You are viewing a plain text version of this content. The canonical link for it is here.

Posted to dev@mahout.apache.org by Grant Ingersoll <gs...@apache.org> on 2009/06/25 01:20:44 UTC

Re: [jira] Updated: (MAHOUT-121) Speed up distance calculations for sparse vectors

On Jun 24, 2009, at 6:53 PM, Ted Dunning wrote:

> Grant,
>
> This optimization should have made a large difference.  Did it?

Yes.  Still quantifying, but very promising.  Still having a hard time  
finding good t1, t2 values for the simple tests I am running  
clustering Wikipedia data, so that is clouding things.  It seems no  
matter what I pick, I get one vector per canopy.  Obviously, something  
is wrong, but I don't know what. Sigh.  Of course, it could be the  
fact the docs I'm clustering aren't related, I guess.  I'm only doing  
the first 1000 from a dump.  I'll try a bigger version now.

All the tests pass with the changes, though, and I had the same  
problem before.

>
> The triangle inequality trick should help by a factor of two or more  
> as
> well.

Re: [jira] Updated: (MAHOUT-121) Speed up distance calculations for sparse vectors

Posted by Grant Ingersoll <gs...@apache.org>.

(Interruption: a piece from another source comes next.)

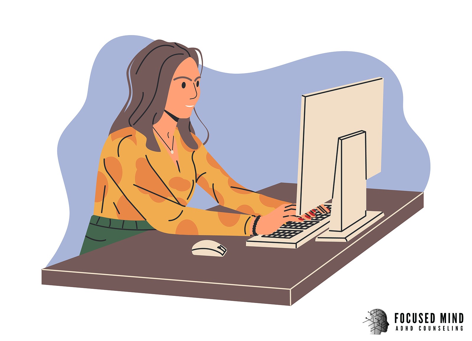 Toxic ShameAn illustration of a woman typing at a computer desk for Focused Mind ADHD Counseling. We offer online therapy in Columbus, OH and offer support for ADHD in women in Columbus, OH. Search "ADHD therapist for adults near me " to learn more.

On Jun 24, 2009, at 7:20 PM, Grant Ingersoll wrote:

>
> On Jun 24, 2009, at 6:53 PM, Ted Dunning wrote:
>
>> Grant,
>>
>> This optimization should have made a large difference.  Did it?
>
> Yes.  Still quantifying, but very promising.  Still having a hard  
> time finding good t1, t2 values for the simple tests I am running  
> clustering Wikipedia data, so that is clouding things.  It seems no  
> matter what I pick, I get one vector per canopy.  Obviously,  
> something is wrong, but I don't know what. Sigh.  Of course, it  
> could be the fact the docs I'm clustering aren't related, I guess.   
> I'm only doing the first 1000 from a dump.  I'll try a bigger  
> version now.

Switching to the CosineDistanceMeasure has improved things.   Sorry  
for the thread highjack.

>
> All the tests pass with the changes, though, and I had the same  
> problem before.
>
>>
>> The triangle inequality trick should help by a factor of two or  
>> more as
>> well.
>
>

Re: [jira] Updated: (MAHOUT-121) Speed up distance calculations for sparse vectors

Posted by Ted Dunning <te...@gmail.com>.

If the distance being used is a real metric, it would satisfy the triangle
inequality (that is basically the definition of metric).  For a given point
x relative to two centroids c1 and c2, this means that

         r(c1, c2) <= r(x, c1) + r(x, c2)

or

         r(c1, c2) - r(x, c1) <= r(x, c2)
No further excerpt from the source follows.